I suppose for me, most of the Art I made for a long time was during college. Most of what was at home in sketchbooks I also threw away because I didn't have space to keep it all, but now these are backed up on 4 different hard drives. 4 is perhaps overkill but every few years I buy a new one encase the old ones have stopped working.


So why do I regret throwing it all away? It is because I can't remember it. I don't know if it was any good. I know at the time of making it all I felt like I had talent and it all made me happy. I was happy when I made something. I felt like it would go somewhere if I kept going and I'd get even better. For a long time I made nothing much, just a doodle here and there so I didn't forget how to draw. PTSD effected me for many years, during that time trying the Art Access course to get back into, but it didn't work. I just needed time and therapy. Finally, in 2019 I started to feel better. I had an awesome lecturer at uni called Matt Jones who was so supportive and made me believe in myself and thought I was an artist! We then had a module called Professional Development and a person came into to look at my work and tell me what he thought, and he was an artist. A real artist I thought at the time because he made a living off it and did a lot work seen publicly, wow! Now I think you can be an artist and not make any money off it, but that was what I thought at the time anyway. But this guy took me seriously too and loved my work and I was so happy. That was a big shift. I realised after that, something which hadn't occurred to me was that when I was in school or art college, all my friends knew I was good at art or made art but by 2019 I didn't know any of those people. Everything had moved on and I knew all different people, and none of those people had ever seen my work. There was nothing online, I wasn't sharing anything and there was nothing old to show. I couldn't just make a Facebook or Instagram post saying, 'Look here, I used to draw and make stuff, isn't that cool!'..... But there was nothing to show. This made me sad and made me spiral and doubt myself. I felt like I had a pressure on myself, to prove myself to myself. Well, that didn't feel good either. Then the pandemo came and I couldn't finish my big uni end of 3rd year project, the pinnacle, it would have been beautiful. Well, I did push through and make more art and I've made loads since 2019. So although I regret throwing it all away, it has made me make more, perhaps more than I would have otherwise. I can't be sure, but perhaps it was for the best. 'It is what it is', said my therapist.
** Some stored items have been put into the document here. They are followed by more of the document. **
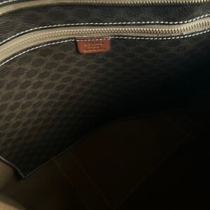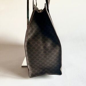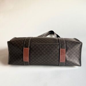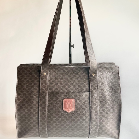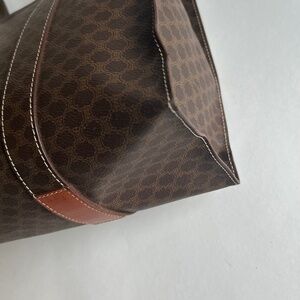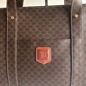 Celine Macadam Brown Tan Genuine Leather Hand Bag Shoulder Bag Business Bag. 15.5”W x 11”H x 5”D, handle drop 22”, zipper closure, gold metal hardware. In great condition, gently worn a few times, a few marks on the back of tote (see pictures).
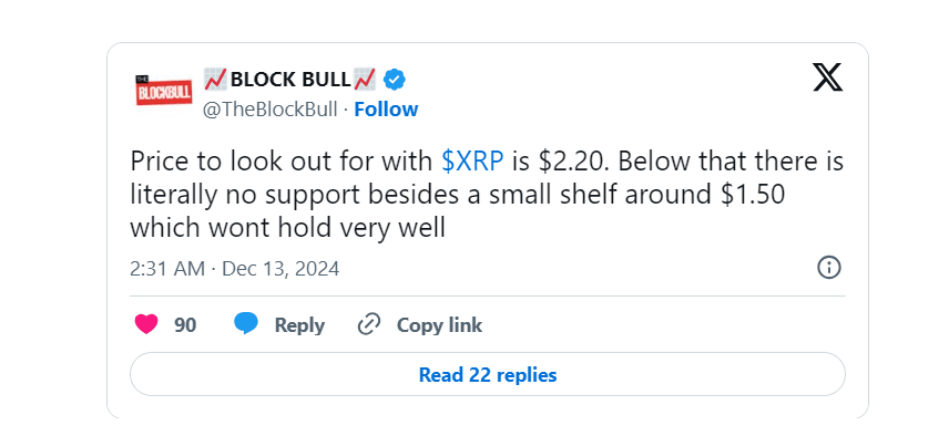 The Block Bull, un noto analista di mercato, prevede #XRP un crollo ai minimi di novembre in mezzo all'attuale incertezza del mercato.
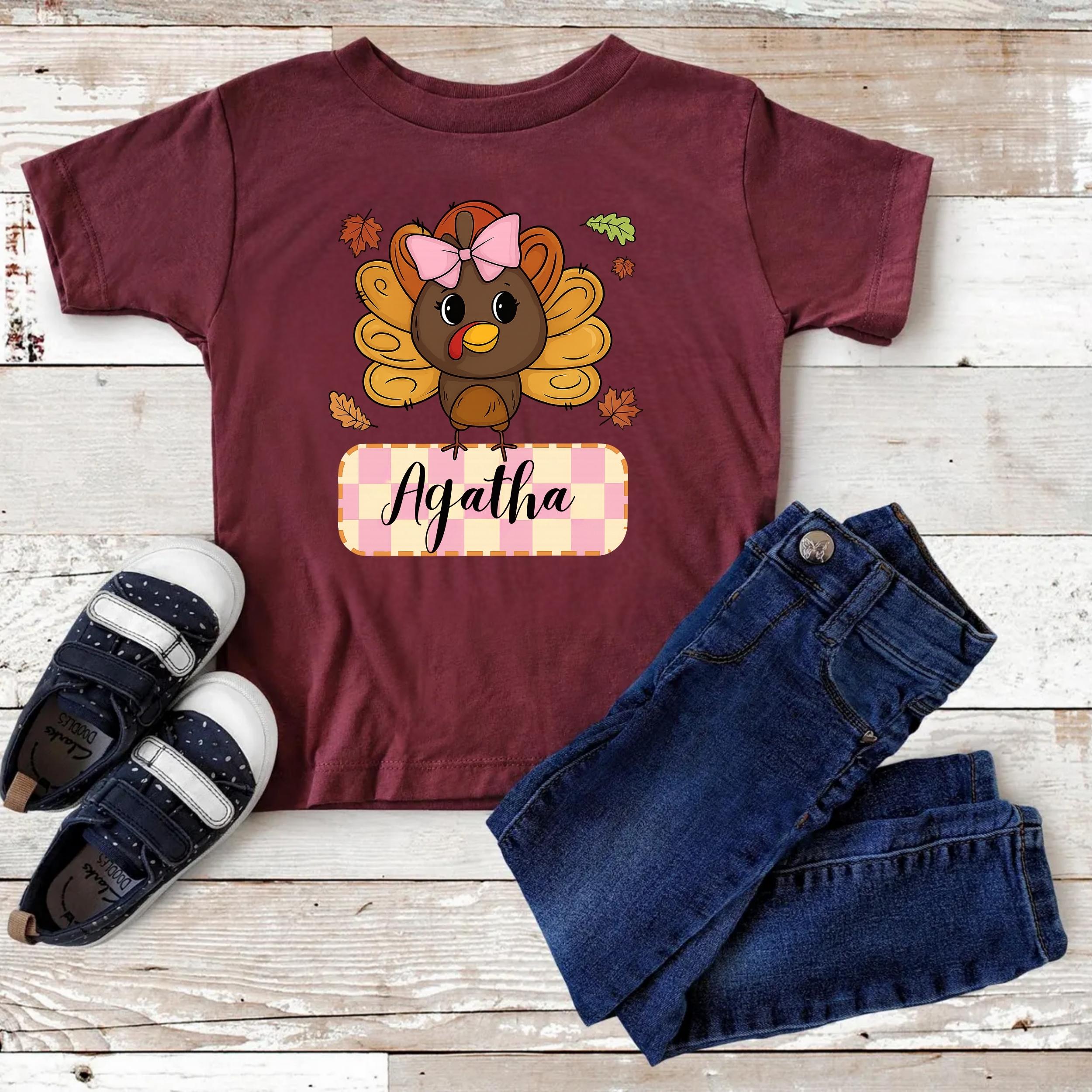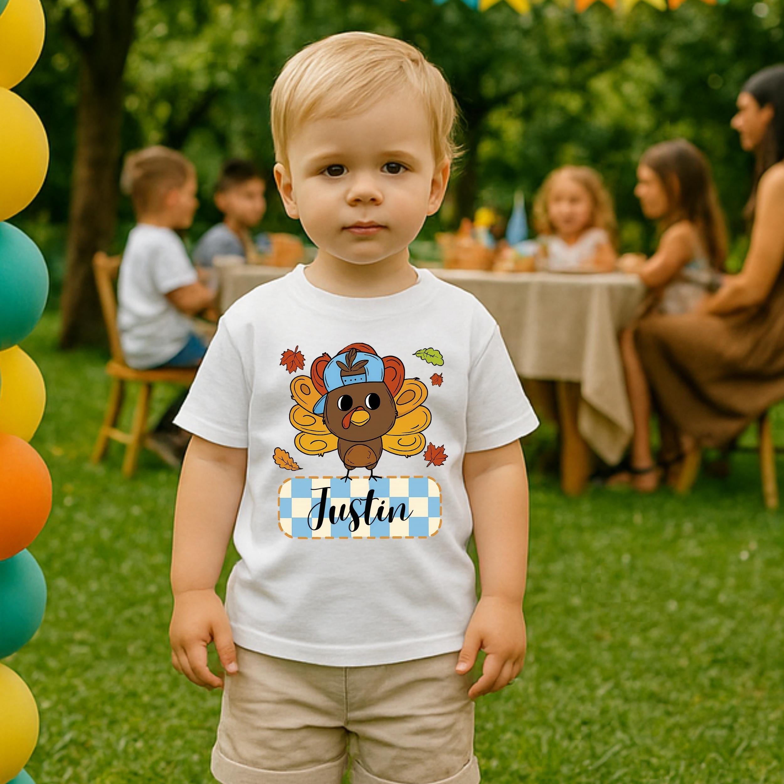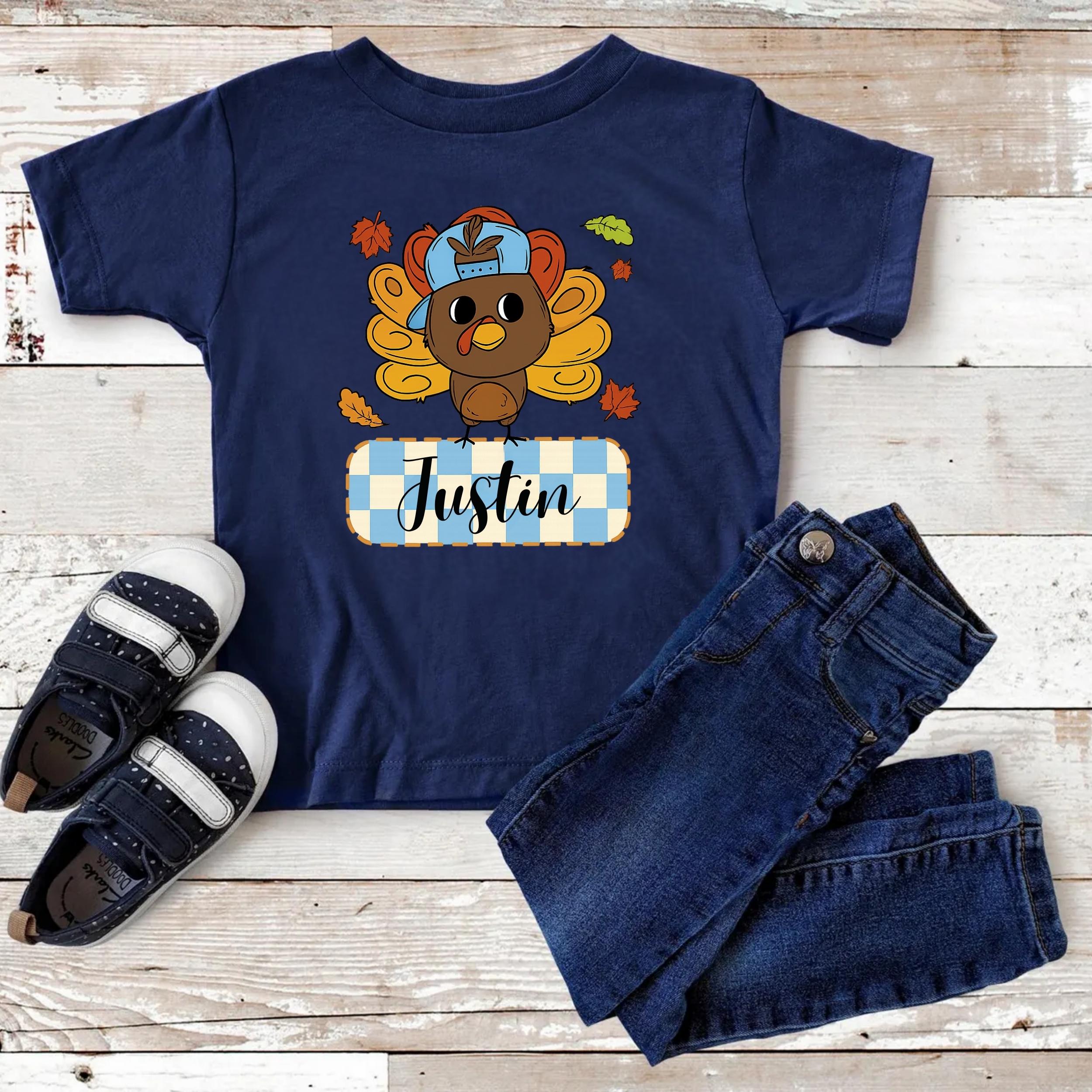 Football Custom Name Toddler Shirt - Personalized Turkey Natural Kids Shirt - Thanksgiving Kids Shirt
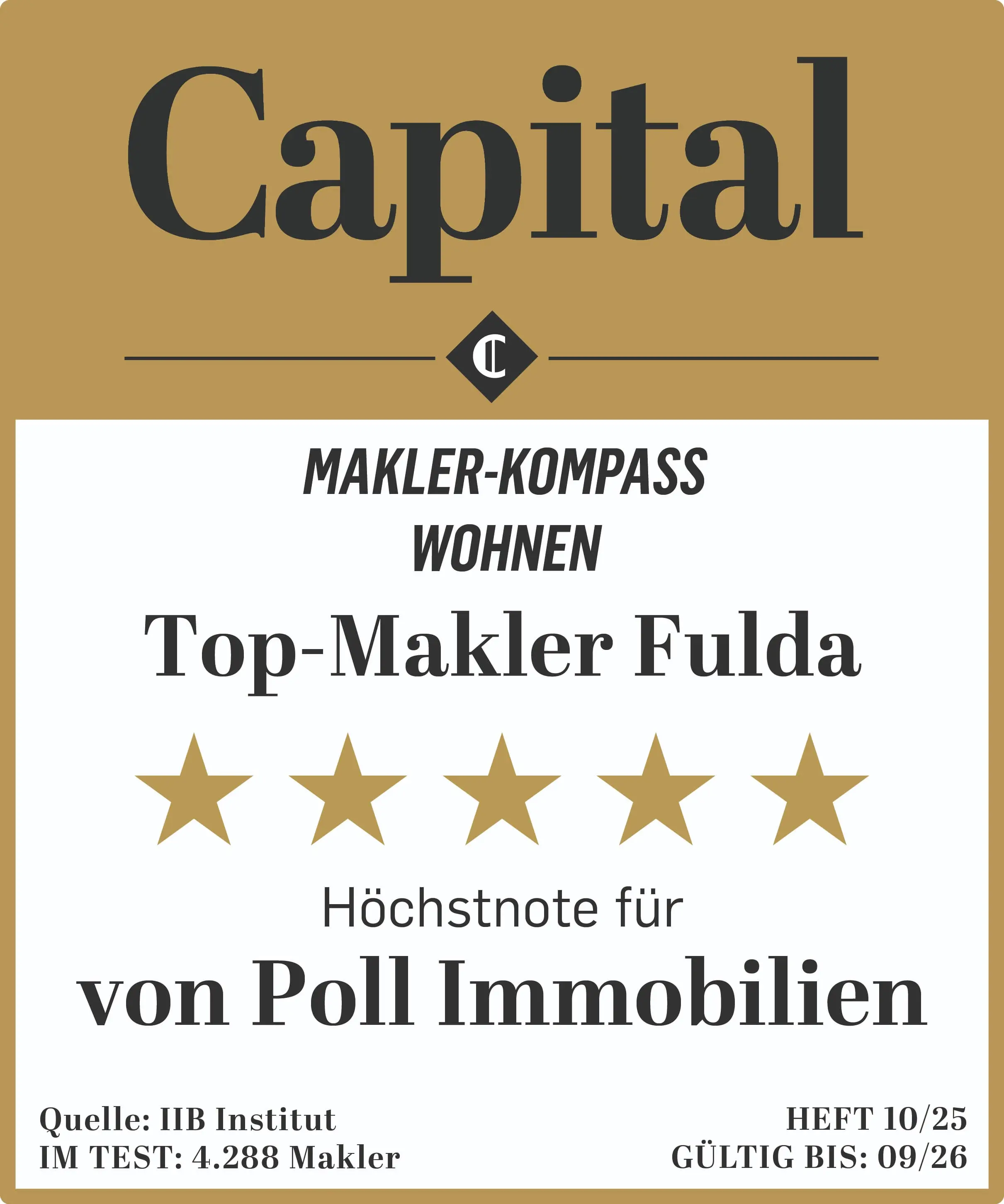 VON POLL IMMOBILIEN wurde beim Capital Makler-Kompass 2025 an insgesamt 164 Standorten im Segment der Wohnimmobilien und an zwei Standorten im Commercial-Bereich mit der Höchstnote von fünf Sternen ausgezeichnet. Mit diesem Ergebnis ist VON POLL IMMOBILIEN zum wiederholten Male das Immobilienmaklerunternehmen mit den meisten prämierten Standorten. Auch VON POLL IMMOBILIEN Fulda gehört zu den ausgezeichneten Standorten und somit zu den besten Maklern seiner Region.
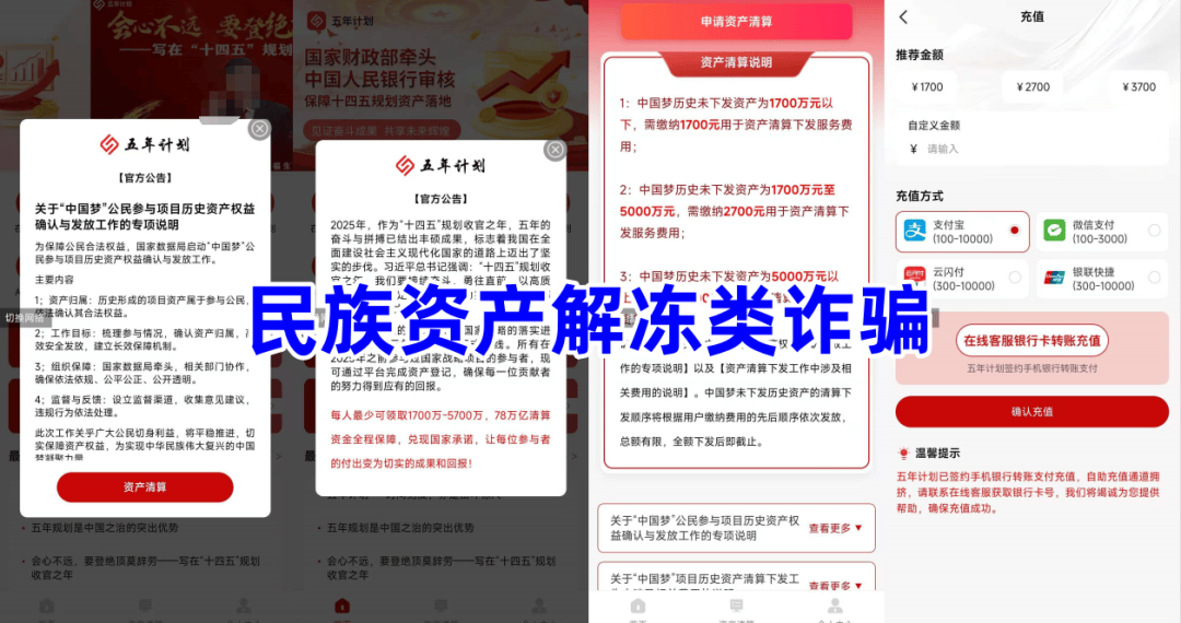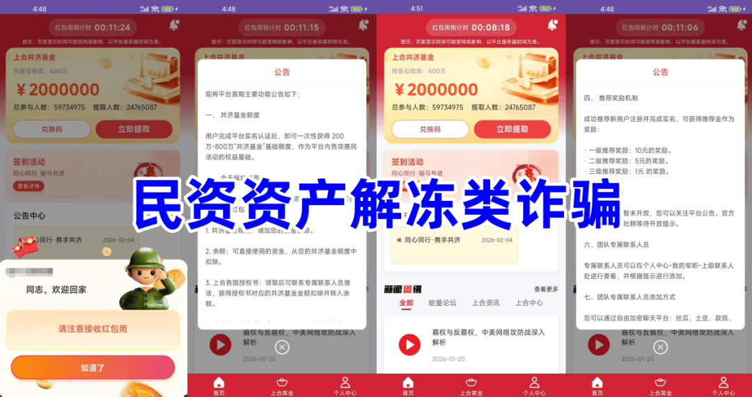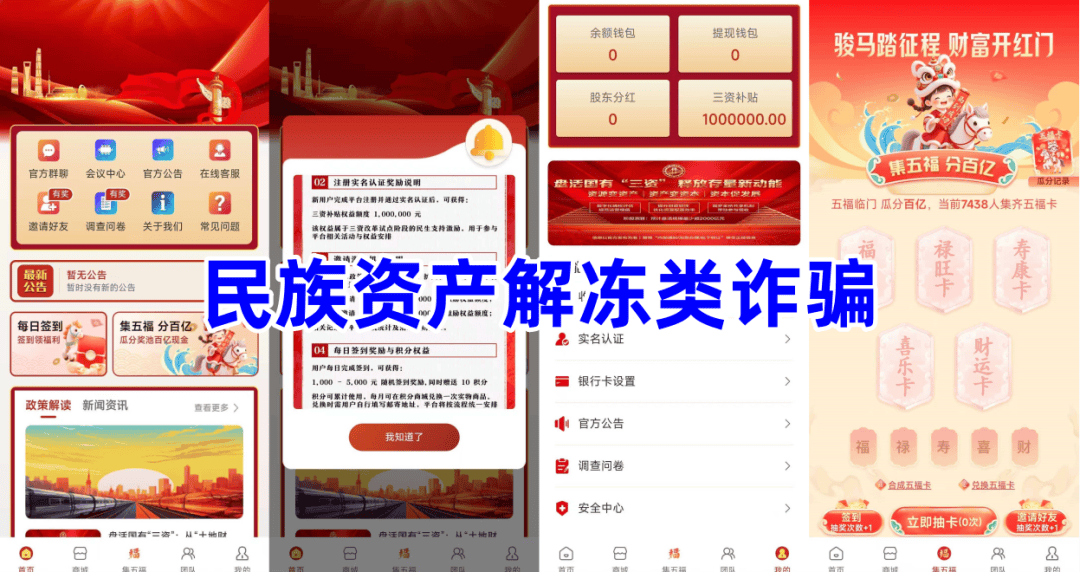 不法分子冒充“某部门”的旗号,打着“十五五规划 · 三资改革”的名义,声称十五五将沉睡资金转化为可用资金,发放新年红包及 1.93 万亿三资补贴资金,参与者实名注册可获得不少于100万美元的三资补贴资金,每天签到、邀请新人参与,可领取补贴金,还有实物产品领取等。
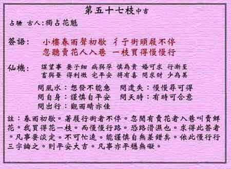 黃大仙靈簽第五十七簽:獨佔花魁 (中吉靈簽)
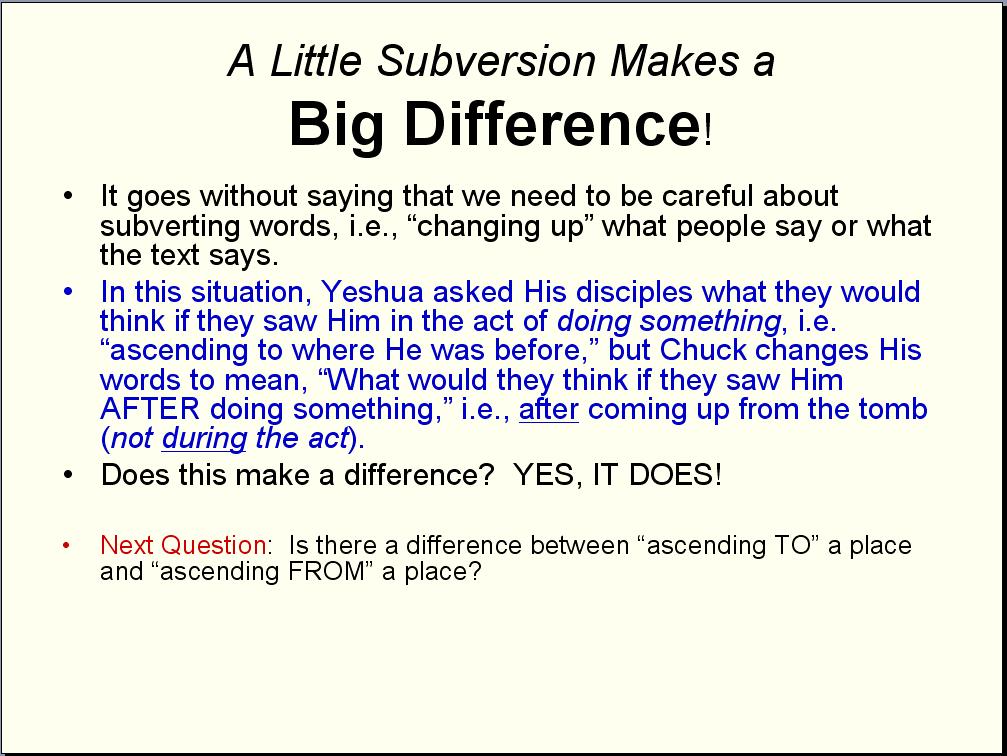 Of course, adding the word “from” to the interpretation is only one of the major issues I have with what Chuck does to the context. Another is his promoting the view that Yeshua didn’t really expect His disciples to physically see Him during His ascension; no, according to Chuck, the “seeing” took place afterwards. This goes beyond being an innocent misunderstanding of Yeshua’s words; it can only be viewed as deliberate manipulation. 8. The following slide is another visual aid designed to further drive home my point that Chuck is guilty of subverting Yeshua’s words. Some may argue that this topic is now heading into “overkill,” and I get their point; at the same time, there may be one person out there who needs to see things from a slightly different angle before things start to “click.” If you’re that person, then the following slides are for you:

In 2019 I was told I was an artist but it wasn't until I applied for an early career artist's mentorship program (I Fyny with Oriel Myrddin Gallery) in late 2022 that I really believed it. After my life became more stable and peaceful in the 2nd half of last year, I had space and support to grow and become my best me. I suddenly believed I was an artist, I then got accepted onto the mentorship program with a cover letter and show reel, not as a drawer/painter or crafter, but a video maker and community artist. It happened in a way I would never have guessed as a teen.


I'm not going to throw any more away!